The small intestine is good for absorption since it has a large inner surface area. This is formed due to the plicae circulares which project many tiny finger-like structures of tissue called villi. The individual epithelial cells also have finger-like projections, which are called known as microvilli.
For transport, nutrients commonly rely upon:
Lipids – undergo passive or simple diffusion
Short-chain fatty acids – diffusion
Amino acids – primary active transport
Glucose – secondary active transport
Fructose – facilitated diffusion
Other absorbed substances in the small intestines include:
Most of the water in ingested food and beverages is absorbed by osmosis.
Approximately 80% is absorbed by the small intestine, 10% by the large intestine and the remaining 10% excreted in the faeces.
Of these sodium is absorbed by diffusion and active transport. Chloride (Cl-) is absorbed passively along with sodium or actively transported.

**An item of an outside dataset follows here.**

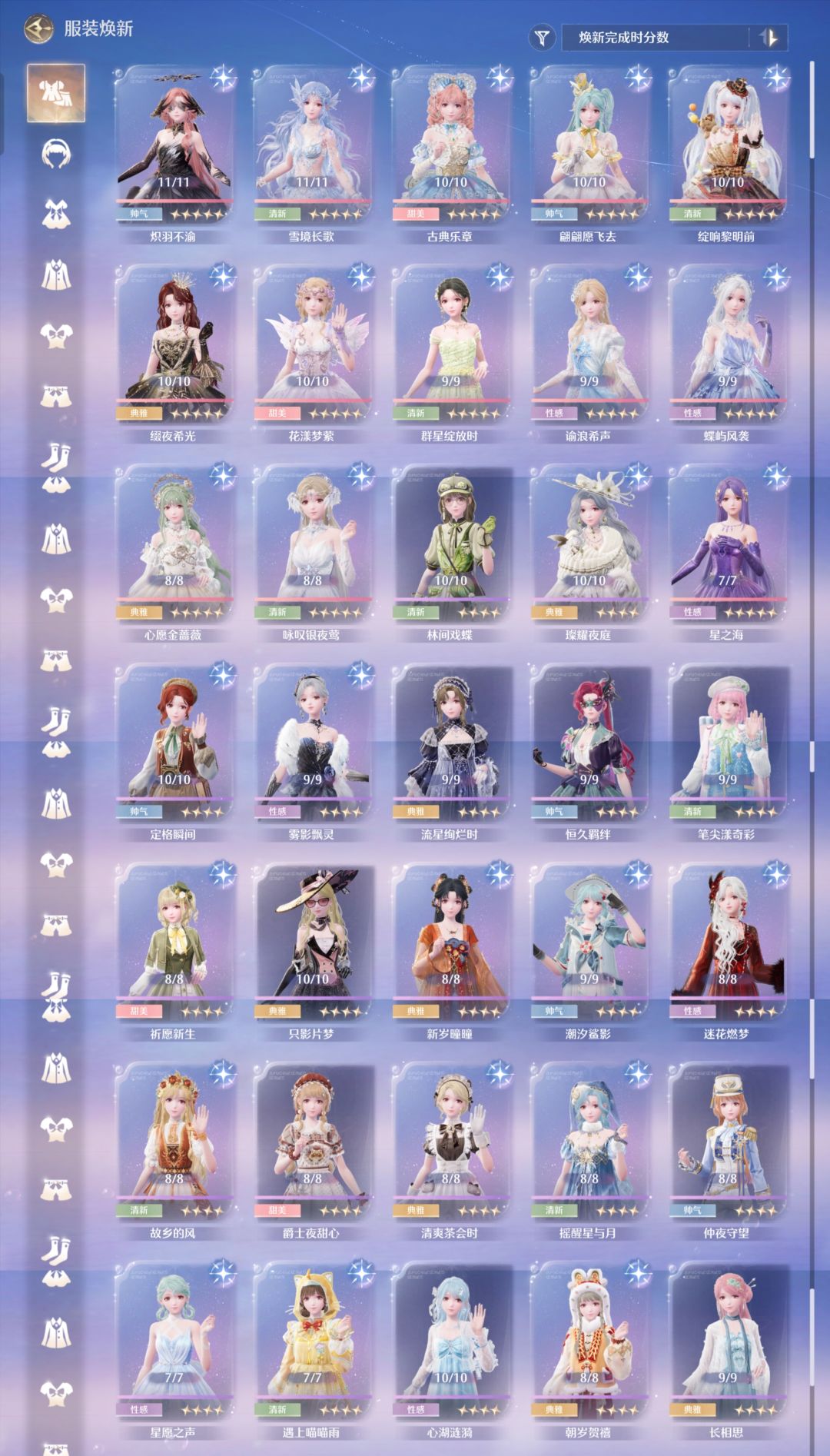 本人开服玩家 中氪党 看见喜欢的衣服就抽 目前有蝴蝶 金蔷薇满进 人鱼 飞鸟 星之海 二进 八音盒 花仙 纸鹤 气球 烟花套 每套差不多都是一进 普池浪花套 群星套二进 准备收集天鹅套 【还差一件就齐啦!】
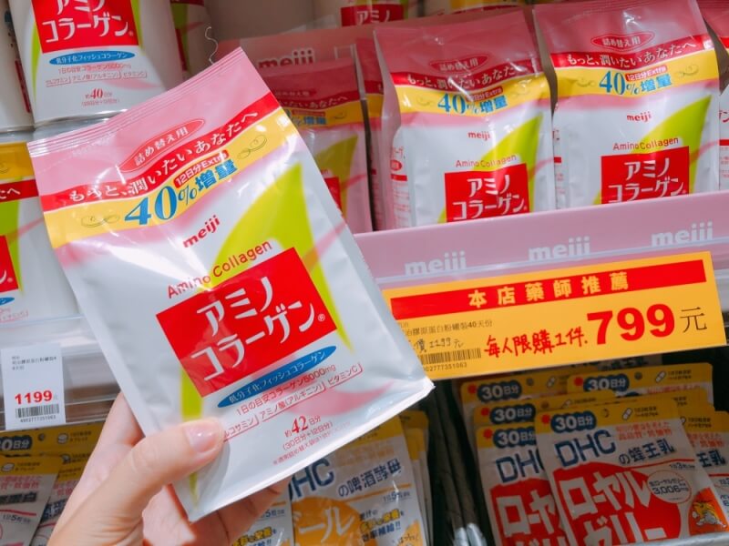 很多人到藥妝店一定會買的膠原蛋白粉,原本NT1199,松本清台灣正在特價中只要NT799,換算價格就跟日本一樣便宜(所以每人限購一件)!

Iodine (I-) and Nitrate (NO3-) can passively follow Na+ ions or are absorbed actively. Calcium ions (Ca2+) are absorbed actively in a process stimulated by calcitriol (active form of Vitamin D). Iron ions (Fe2+ and Fe3+), Potassium ions (K+), Magnesium ions (Mg2+) and Phospate ions (PO43-) are absorbed by active transport mechanisms.
Vitamins and minerals
Vitamins including fat soluble ones (Vitamins A, D, E and K) are absorbed together with dietary fats. Water soluble vitamins like vitamins B and C are absorbed by diffusion. Vitamin B12 combined with intrinsic factor (from the stomach) is absorbed by active transport.
Of these iron is absorbed in the duodenum, most are absorbed in the jejunum and Vitamin B12 and bile salts are absorbed in the later part of the ileum.
Disorders of the small intestine
Some of the disorders of the small intestine include:
Obstruction of the small intestine. This may occur due to external pressure, masses in the lumen (foreign bodies, bezoar, gallstones), paralytic ileus, Crohn's disease, Celiac disease, Carcinoid, Meckel's Diverticulum, Gastric dumping syndrome, inguinal hernia, intussuseption, mesenteric ischemia etc.
Infections including Giardiasis, Ascariasis, Tropical sprue, Tape worm infestation etc.